Farmers were dedicated to tilling and fertilization techniques with ash and animal manure continued to flourish, becoming a kind of business in the region that comprised France, Belgium and Flanders, already during the Middle Ages. To compensate for the loss of nutrients in the soil, farmers also introduced fallow and crop rotation.

But the development of cities, with their enormous food supply needs and the emergence of industry, exponentially accelerated the consumption and dispersion of these nutrients from the soil, far beyond their capacity for regeneration.

The Alchemists

Large-scale agricultural production and the abundance of current food is only possible because a group of notable people from the 19th century - in the demand of the Industrial Revolution and the consequent increase in the world population - made use of chemical experiments to discover what affected the growth of vegetables.

Contrary to the theories of the time, that plants absorbed the organic substances resulting from the decomposition of animal bodies in the soil, the German chemist Justus Von Liebig (1803-1873) proved that plants need certain mineral elements to improve their growth.

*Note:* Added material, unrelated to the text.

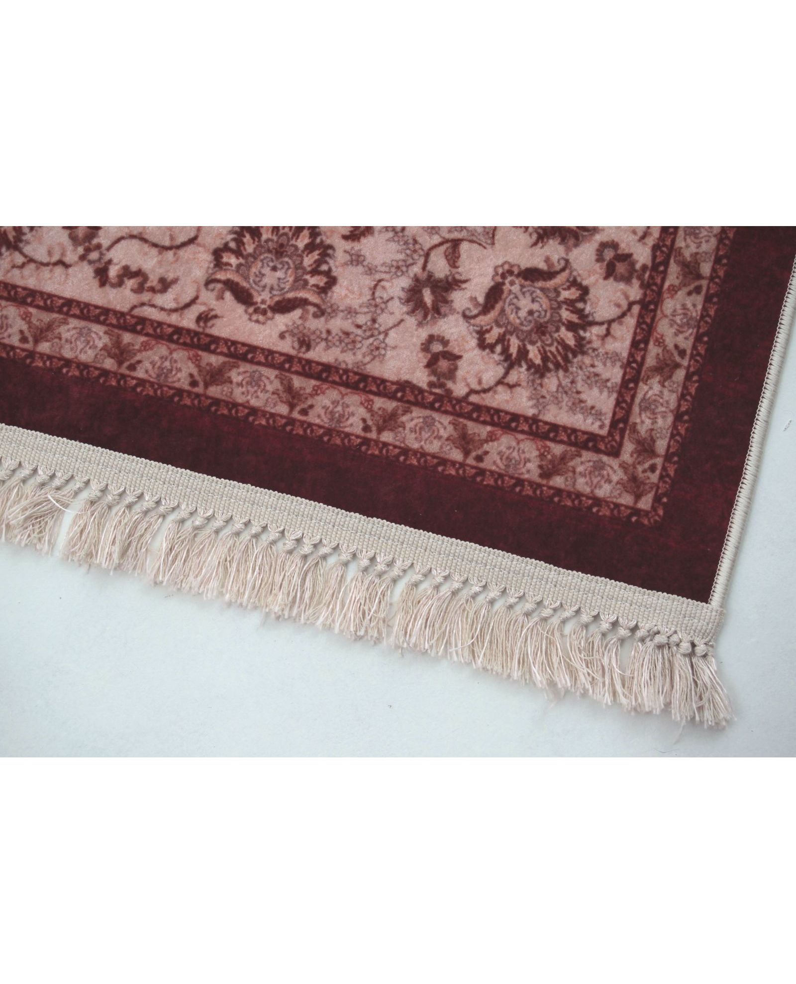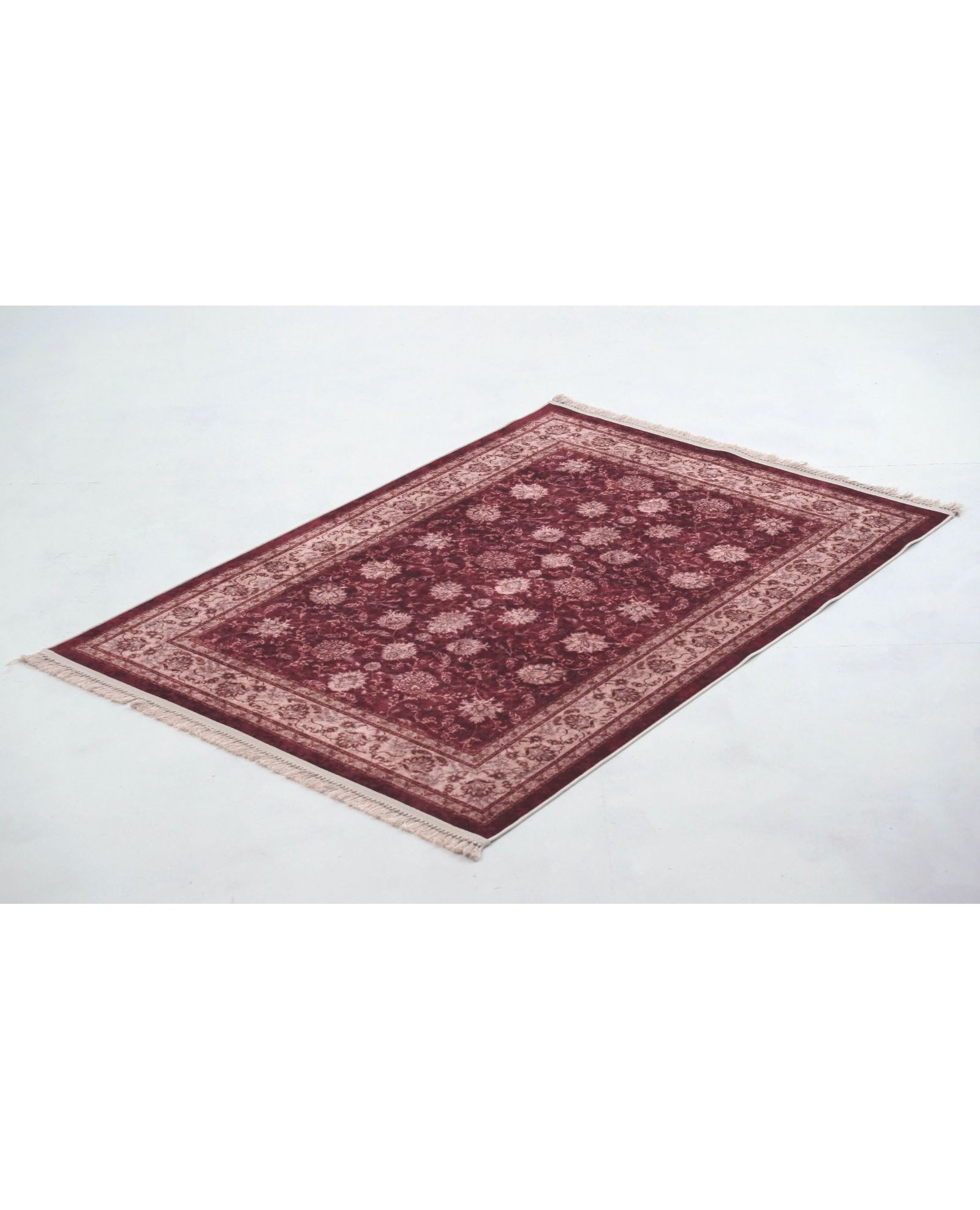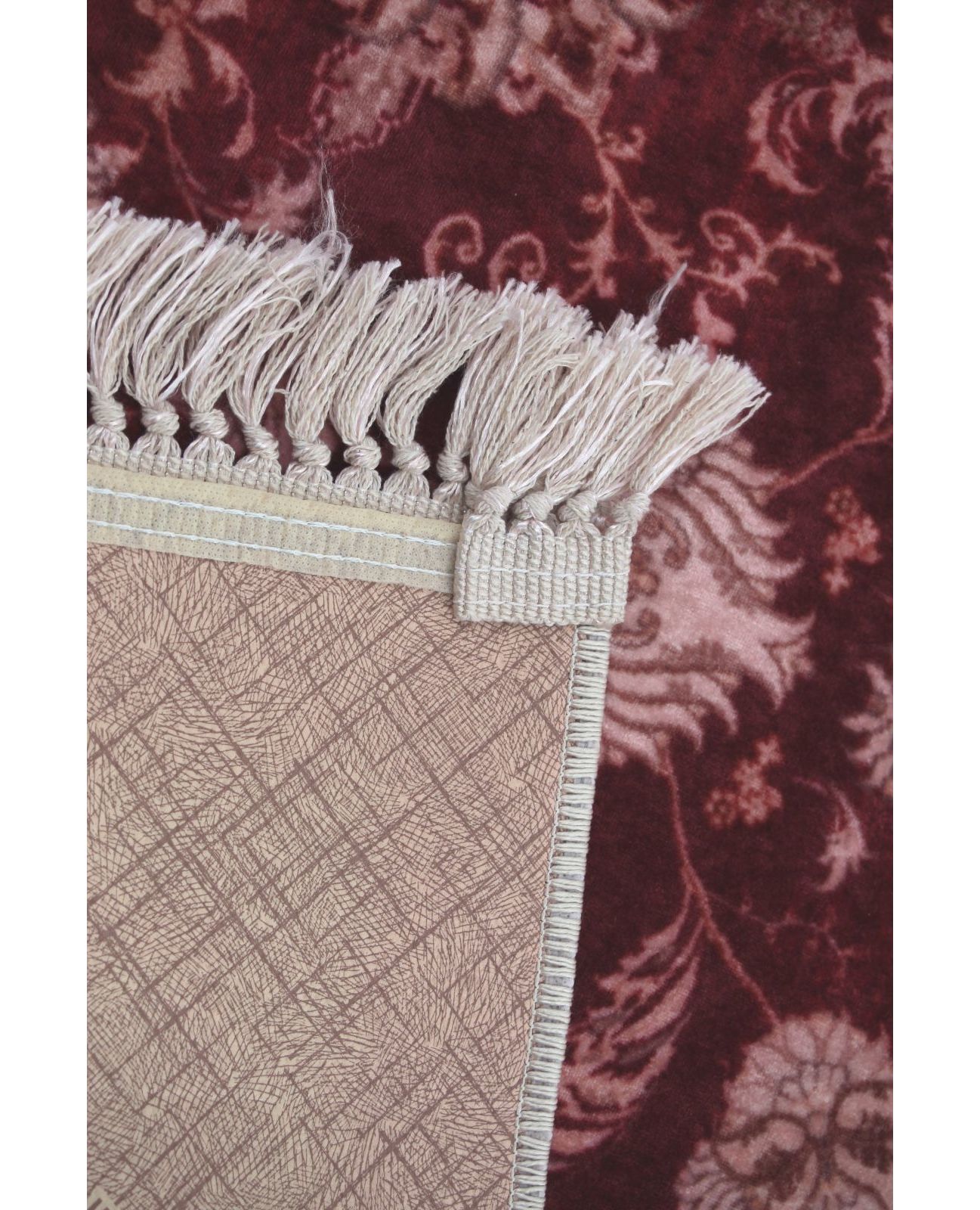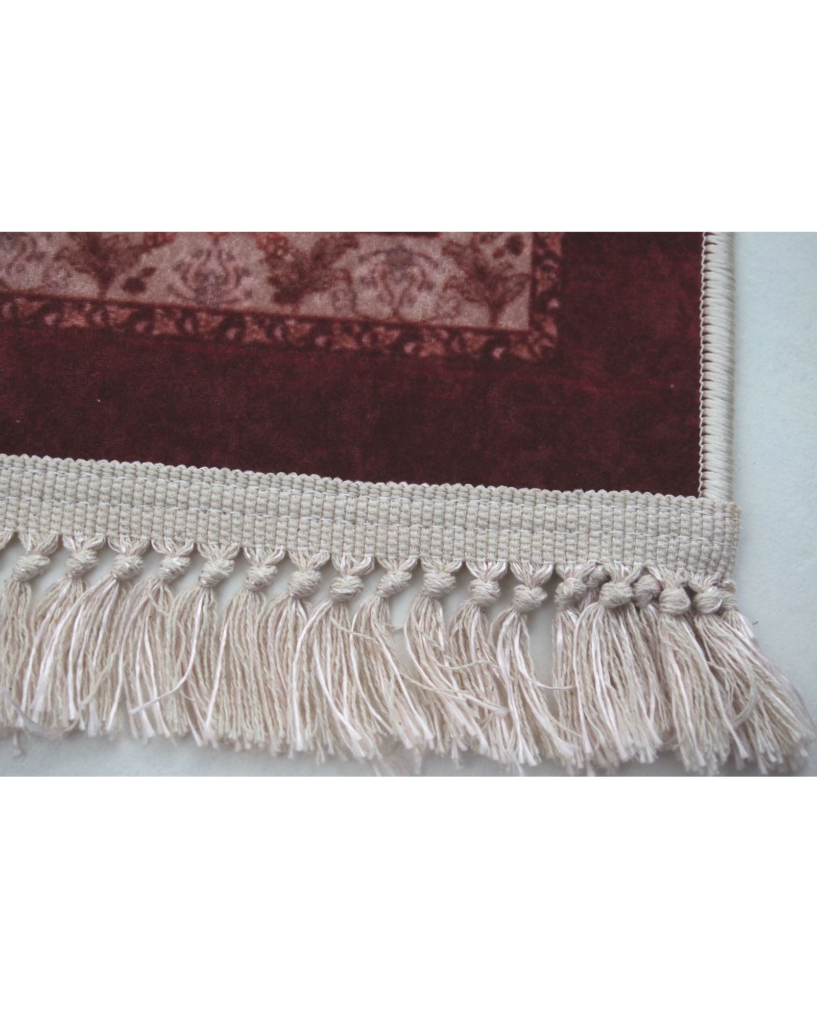 Элегантный ковер размером 160×230 см в насыщенном бордовом цвете станет акцентным элементом любого интерьера. Узор и бахрома придают изделию изысканный и уютный вид. Материал — 100% полиэстер — обеспечивает мягкость, устойчивость к износу и простоту в уходе.

In 1840, Liebig shook the foundations of the agricultural science of those times by defining the basic constitution of modern chemical fertilizers: nitrogen, phosphorus, and potassium. The young alchemist, who spent most of his life inside a chemistry laboratory, took about half a century to complete and present his work. He promoted heated debates about how to avoid hunger and provide nutritional well-being for populations and is now known as the “Father of the Fertilizer Industry”.

Although the first fertilizer plant in the world appeared in 1843 in England, the great step in this area was taken once again by Germany with several discoveries, such as those of the physicist-chemist Friedrich Ostwald (1853-1932). In his work, he discovered the process of preparing nitric acid from the oxidation of ammonia, facilitating the mass production of fertilizers and explosives.

Nitric acid

Nitric acid is a chemical compound represented by the HNO3 formula used in the manufacture of fertilizers for agriculture. It is the second most manufactured and most consumed acid in the industry, second only to sulfuric acid. In Portugal, nitric acid is produced exclusively by Bondalti, obtained from the catalytic oxidation of ammonia, according to the Ostwald Process.

As early as the 20th century, German chemist Fritz Haber discovered how to extract nitrogen from air by synthesizing ammonia, and Karl Bosch perfected Haber's method for obtaining synthetic ammonia. The process of obtaining it by this method made it possible to synthesize almost all of the ammonia necessary for the production of fertilizers. In addition, the fact that ammonia can be converted into compounds useful in the synthesis of explosives made its exploration even more successful during the First World War.

The universalization of the use of chemical fertilizers has considerably increased food production around the world. Today, it is unquestionable that fertilizers are essential for the survival of plants, animals, and human beings, providing food to a global population that is expected to reach nine billion before 2050.

The great challenge of the 21st century will be to continue to improve the yield of agricultural land and to reduce, at the same time, the environmental impact of agriculture.